Thanks. And then about your adjustment items next year, you, of course, mentioned that those will be lower than in 2024. But can you quantify in more detail?
Well, probably we come back to these topics in our quarterly releases. But as said, we expect them to be clearly fewer. And I think that our dedication is shown that we want to report the real, not adjusted EPS when we go there.
Maybe just to elaborate that the adjustment items recently have been rEllated to the profit improvement programs. So the profit improvement program is still running in portfolio businesses and Sweden. So those are anticipated to then wind down going forward.
Thanks.
Sami Sarkamies and Danske Bank. I have a question rEllated to mix going forward. You are suggesting roughly 5% growth in Healthcare Services.
How does that split between volume and price next year and in the long term?
Yeah, very topical question. So during the turnaround process, the revenue growth has been driven mainly by price, as we have discussed in the quarterly release events. Now, when we are talking about growth and what Sari is driving for is volume growth. And volume growth will take over from price-driven growth gradually.
But I'm sure there will be a pricing component still, but volume is the biggest.
Yeah, this is, as I explained in the market view, this is a business where we are, with the pricing, also in the future able to beat inflation. And that will not change. But still, volume growth is really the challenge that Sari is putting to her team, and that's the target.
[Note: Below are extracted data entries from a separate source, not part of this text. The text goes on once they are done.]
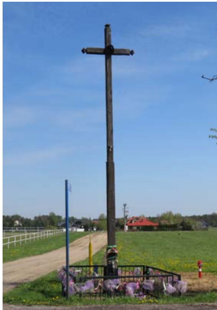
Lokalizacja: Skrzeszew, ul. Rozwojowa/Nowodworska; Czas powstania: brak danych;

K rzyż drewniany z figurą Chrystusa osłoniętą blaszanym daszkiem.
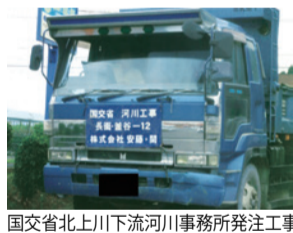
国交省北上川下流河川事務所発注工事
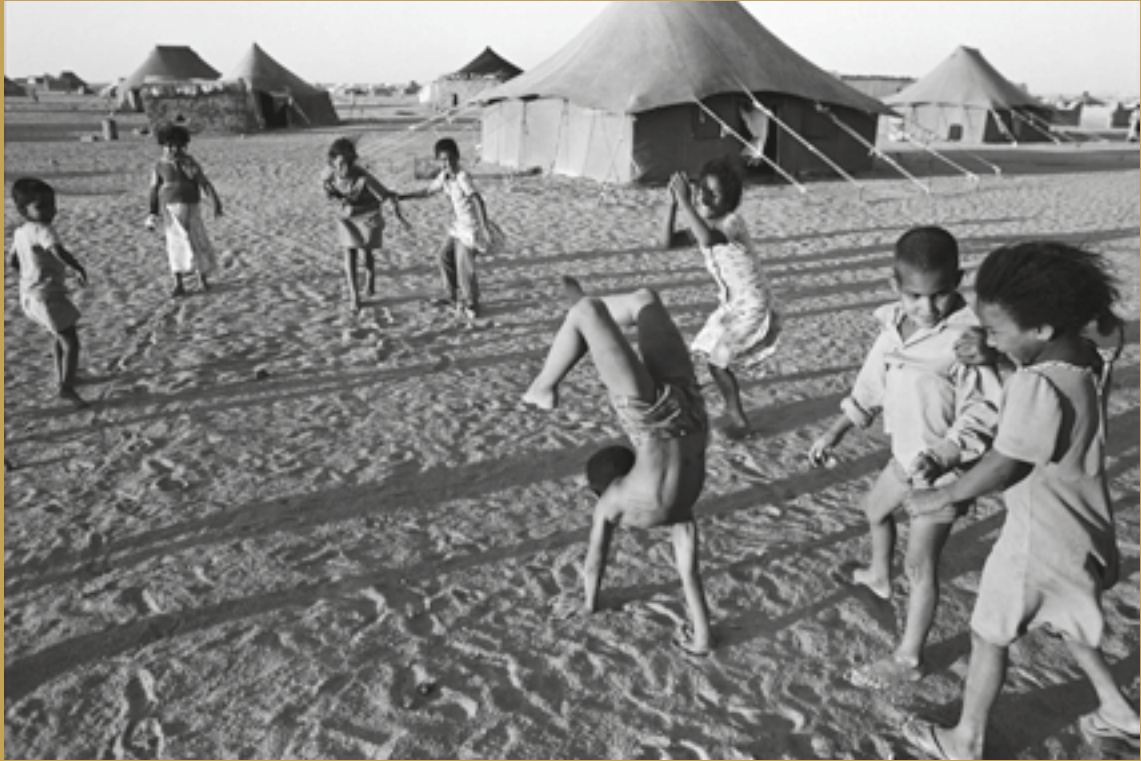
República Árabe Saharahui Democrática, 1982.
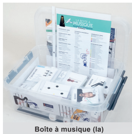
Boîte à musique (1a)

So if you grow 5% next year in Healthcare Services, the contribution is sort of equal from volume and price?
Well, we don't go into it in that level, but you are not entirely wrong, if I put it like that.
In the ballpark.
Thanks.
Joni, Nordea, only one question. I think this maybe goes to Juuso. After the new EPS target, no capital return targets and weak property market currently. So have you considered maybe owning more key properties than leasing?
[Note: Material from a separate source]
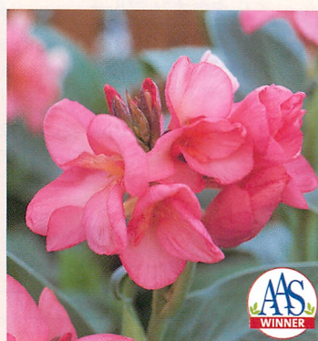
4 トロピカル ローズ

Well, we evaluate the market continuously. So just concrete examples, Turku Hospital has been announced. That one we didn't want to do on our balance sheet. It goes actually to a large institutional investor balance sheet. But we were contemplating the idea that should we do it with a balance sheet. Now, the Lahti will go through our own balance sheet.
So we are actually flexible from the return on investment perspective to evaluate different options. We will never be a real estate company as such. But when we see an opportunity and when we exceed certain type of a target in a certain type of a market, then we don't have difficulties to utilize our balance sheet also. So I would guess that materially we will work with the investors' balance sheet. But as said, we have our criteria. We will follow those ones. And depending on the situation, we will do the decision. We are also fairly wanted tenants, basically. We increase the value of certain type of assets clearly. So obviously, we want to take that one into account in our negotiations. And if someone doesn't appreciate it, then we have our own means to operate.
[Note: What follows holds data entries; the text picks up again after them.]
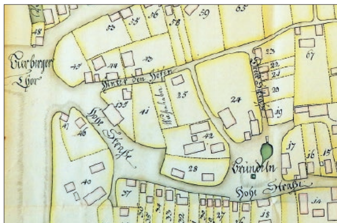
Im Grundriss von 1790 wurde die Zehntscheune mit der Brandkassennummer 135 versehen.
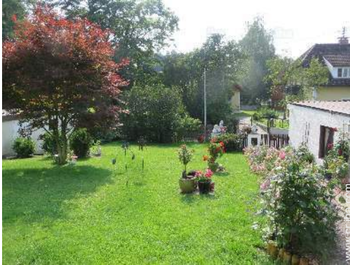
vista sobre el jardin/parque
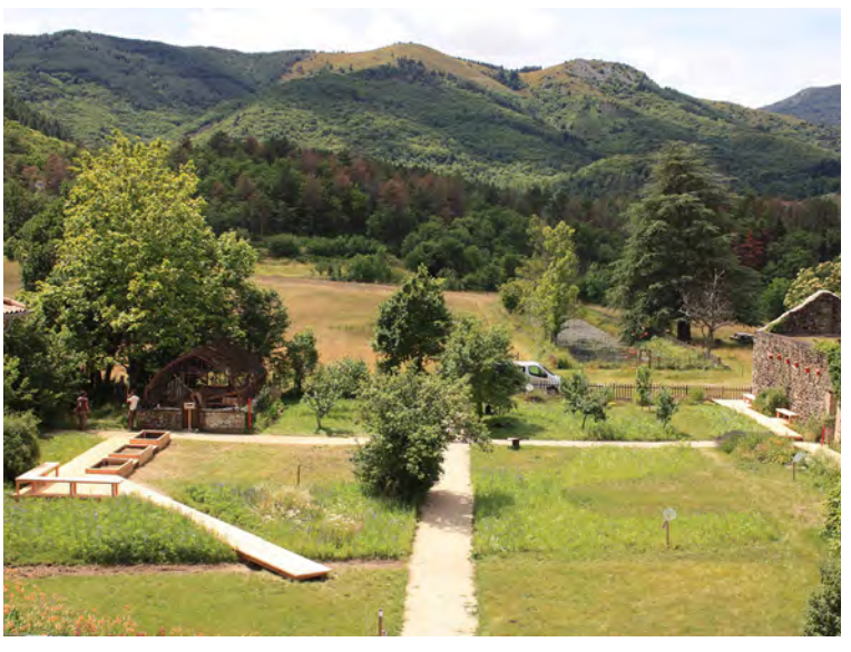
Un espace de partage ouvert sur le grand paysage, Jardin du PNIRMA à Jauges (07)
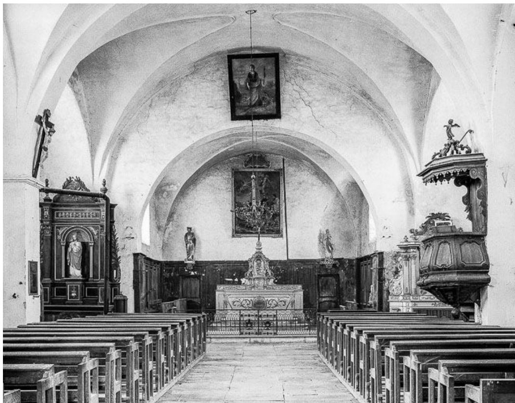
Intérieur : nef et chœur.

Good. I think there are no further questions from the audience.
We have at least one question from the webcast over to you, Juuso. Does the investment in organic growth mean higher OpEx in Healthcare Services? And if so, does the above 16% margin target take this into account?
First of all, we wouldn't say that we think that we drive above 16% and then would come back to you saying, "Just kidding, it didn't include ABC." So it's all included. That one I will guarantee. Then the second part is that, yes, investment in organic growth, remembering that we are in people business, it will always require an OpEx component and a CapEx component. So just an example, let's use the Turku. We are getting better, more efficient premises that allow volume growth. To capture that volume growth, we need solid supply. Getting that supply in will most likely require also some kind of OpEx investments.
Then you need to make sure that the demand comes in. So all of these ones are coordinated together. So there is no investment that is pure balance sheet. There is no investment that is pure OpEx. You always have a combination and depending on what you do. But as said, our margin ambitions are all included.